What is this? The body is getting away. Oh! No! God please let me be here. No, please, not now. *Breathless cry*
*Mother entered the room screamed and fainted, the father looked at the scene his feet vibrated back and forth, right and left, lost destination of what to do, where he should go ahead. He ran out of the room for calling an ambulance. The sister, the little one, entered, screamed "No! No! Not my sister. No way." She ran to the body putting her hand on the cut which flooding out blood, she screams at the weird feeling she got when she touched the blood, the cut gap. She stepped back then gave a loud courage cry with more tears, heading her hands to stop the bleed. The brother entered fell on his knees, he saw the fainted mother, then an eye noticed his sister act like a fireman trying to put off the... explosion. He took her from the waist and his hands on her eyes.*
So....I am dead? I am a ghost? *Force pulls her to above* No, no. *The ghost holds on the body making it quaking again.* Mum! you love me. Wake up and take me back in this body. Sister, good job keep going on, my doctor. Brother, let dad quick, I am flying away. People! I am still here. Not dead. Why are you letting me go? Why is this force pulling me stronger? It should have been my birthday. I supposed to be a new born by that day. Think?! It is too late to think. I am in a panic.I .....a.....m.........*The ghost faded.*


  Relatives, friends, colleagues are all dressed well in black. Haven't they thought of, if this was their own funeral? Stepped into the mosque imagining their body in that coffin? I mean if they can't tear for her death, they can weep for theirs. The sister, the shorty, looked at each person coming across her, kissing her on the forehead, petting on her back, smiling at her face, and she was simply in no need for all of that. She actually was dreaming of someone to take her hand, sits her kindly by his/her side, gets the Qur'an and reads with her some verses so, she would feel...the surroundings, else than this all those audience are nothing to her but ghosts.
  Hey! Here is the enemies showed up. Miserably broken?! Oh my God, they are in psychological shock! I thought they would be happy. They were actually sad cause of the death of a black core in their heart, crying over a chance of purity washing out their dark hating hearts.
  Finally, the girl's friends.

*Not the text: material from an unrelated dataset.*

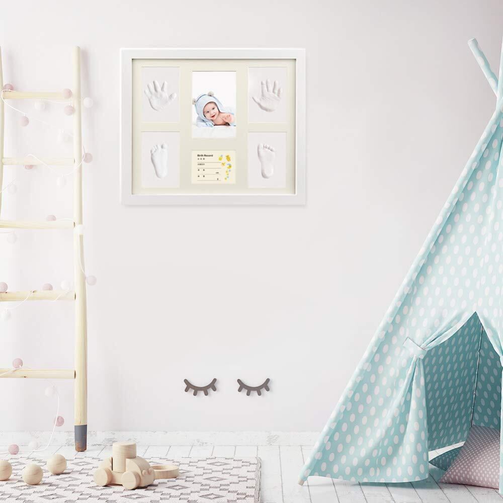 iSiLER ベビーフレーム 手形 足形 フォトフレーム 置き掛け兼用 無毒で安全 赤ちゃん 出産祝い 内祝い ベビー記念品 ホワイト 33.3 x 28.2 x 2.4 cm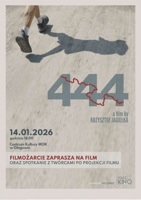 | Miejscowość: Głogów Miejsce: Centrum Kultury MOK w Głogowie Data rozpoczęcia: 14.01.2026 18:00:00 Data zakończenia: 14.01.2026 21:00:00 Organizator: Centrum Kultury MOK w Głogowie Opis wydarzenia: FILMOŻARCIE: "444" i spotkanie z twórcami 14.01 2025 godz. 18:00 Centrum Kultury MOK bilety: 20 zł W ramach pierwszego w 2026 roku FILMOŻARCIA, zapraszamy na film dokumentalny i spotkanie z bohaterem produkcji i reżyserem. Opis filmu: Czy można biec bez przerwy setki kilometrów, nieprzerwanie stawiać czoła zmęczeniu, warunkom atmosferycznym i presji psychicznej? Łukasz Wróbel, ultramaratończyk zmagając się z osobistymi słabościami i przeciwnościami losu, pokazuje, że siła tkwi nie tylko w ciele, ale przede wszystkim w umyśle. Film dokumentuje próbę pobicia rekordu biegu po Głównym Szlaku Sudeckim, podjętą przez Łukasza w 2024 roku. 444 to opowieść o pasji, odwadze i determinacji, ale także o sile, którą daje rodzina i przyjaciele. Zapraszamy na film dokumentalny Krzysztofa Jagiełki, a po seansie na spotkanie z twórcą i bohaterem filmu, Łukaszem Wróblem. |

How happy she would be now! Oh! that's so horrible. How could she deal with such friends? Those couple chatting over there, the two with their hands on there mouths, with the pale faces. Yeah! I know. They look pretty sad for her loss but actually you didn't overheard their talk "She used to wear tight clothes. I used to advice her. I am feeling so guilty towards her." The other: "I told her several times not to talk about others. I am feeling guilty too." Don't you think both need applause? They do deserve it, really. They acted like Oscar-winners. The first used to talk about her behind her back during her living but she never faced her with that kind of truth, she had never advised her. The other was the one who never shuts the hell up, talking over and over again about people's flaws, the girl joined her as kind of sarcasm but she didn't like how the talk sounded and now she is blamed -after her death- that she was smiling at such talks, not only this, but out of the blue she is the one who used to start such talks. What about laughing now?
You are missing it, aren't you? You're still focusing on how stories can flip, how the girl died, how the people reacted, aren't you? Come'on! Yes! You missed it. You miss this story hero. The little sister? Nah. The mother? Nop. The girl herself? No. The hero, people,.....death. The only spotlight is on it. The only talk is about it. What? You answered with "deeds"? No I seriously mean death. Even deeds between this man's hands are just.....space. The girl is gone. I'm gone. You're gone. Each one is gone on his own way, towards his/her own destiny, different shores, many floods, some break you, some throw you to a new shore, some just drown you.